Do you say “I am done”, when she apologies for all that happened in that year via text message, saying she did it all for herself, to know she is ok (literally)… and things seem to be going “ok”…

Do you say “I am done”, when you go for 2 weeks to UK for Easter, you sleep in a separate bed, your friends ask the awkward question when you meet them “why?” and you’d rather melt away or not be there at all to answer, when you feel out of place and even more like a piece of furniture that you did when she was visiting you in Auckland before Christmas, absolutely disposable, no need to attend to, just put it in the corner and it will be just fine…

Do you say “I am done”, when there is World Cup on TV and she can’t even talk to you on video, because she is watching a game, a recorded game she can pause, rewind, etc…

Or do you finally give up few weeks later when you finally are at your wits end and finally say to yourself, I can’t be taking this shit anymore and you send an email asking WTF?!… and you get a response that shocks the love or any affection you had for her out of you and out of that relationship immediately…

So tell me? when do you stop and say you are done? I’d wish you did much sooner than I…

I haven’t reach any of my limits I am sure, but I can say this much: if I could spare just 1 single person from going through a fraction of what I have gone through and help them realize sooner than later it isn’t worth it, than I am a happier man (not that I am not happy now anyway…).

I know when I want something, I will go all the way, I am the “for better and for worse”, literally, “till death do as part” kind of guy, but I can tell you now, had I known what I have learned, I would have walked away months ago and saved myself crowning 2013 the worst year of my 33 year back then life.

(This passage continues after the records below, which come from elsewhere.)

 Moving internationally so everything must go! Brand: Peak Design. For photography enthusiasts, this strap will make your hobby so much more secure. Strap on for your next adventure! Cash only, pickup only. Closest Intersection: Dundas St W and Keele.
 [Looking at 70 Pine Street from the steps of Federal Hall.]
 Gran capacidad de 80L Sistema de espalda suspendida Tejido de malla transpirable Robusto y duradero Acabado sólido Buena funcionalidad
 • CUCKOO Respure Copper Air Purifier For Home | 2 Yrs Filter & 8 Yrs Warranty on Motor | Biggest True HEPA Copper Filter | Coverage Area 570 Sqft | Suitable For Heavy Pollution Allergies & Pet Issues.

I don’t really know when to say I am done, that’s my biggest flaw maybe. You won’t listen to my advice, same as I didn’t listen back then to my parents, friends (some of which I wouldn’t call friends as they knew exactly what was going on), etc. I had to learn for myself, it was my choice after choice that led me (painfully back then) to where I am now.
It costs a lot and in the end, it really isn’t worth it, I’ll leave that rubbish for someone else to pick up.